What impact will the new conservative government have on the Bulgarian healthcare system?
Four months ago, many hoped that the new regime would completely privatise all healthcare insurance and adopt the Dutch model of statutory insurance.
That now looks less, likely according to Renate Indjova, a former prime minister of Bulgaria who now is commercial director at Tokuda, the country’s largest private hospital: "To ask the national health insurance fund to commit harikari is asking a lot," she says.
Rather, she is 'cautiously optimistic' that the new government will introduce a proper DRG system and allow private hospitals to charge more to patients.
On the face of it, Bulgaria’s present system is very friendly to the private sector – patients have complete choice, and can go either private or public.
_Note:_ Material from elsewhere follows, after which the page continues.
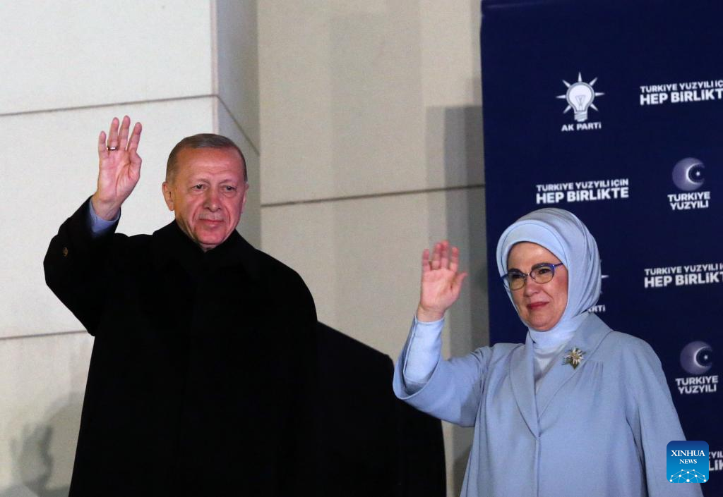 Turkish President Recep Tayyip Erdogan and his wife Emine Erdogan wave to supporters at the headquarters of Justice and Development Party (AKP) in Ankara, Türkiye, on May 15, 2023. As Türkiye's presidential elections are heading to a first-ever run-off, key economic challenges lie ahead. Taming inflation while maintaining monetary stability is vital for the country's economy, experts said. (Photo by Mustafa Kaya/Xinhua)

However, there is a strict limit on what additional sums the private sector can ask the patient to pay. Indjova hopes these limits will be raised, and expects a new minister of health to be announced by the end of July.
She says that the recession has, so far, not had a bad impact on Tokuda, a 700 bed hospital owned by Japanese healthcare group Tokushukai Medical Corporation: "Patients continue to come to us. Yes, there has been the normal seasonal slowdown, but nothing more."
She suggests that, so far, Bulgaria’s economy, which is somewhat isolated from that of the rest of the world, has not been badly affected.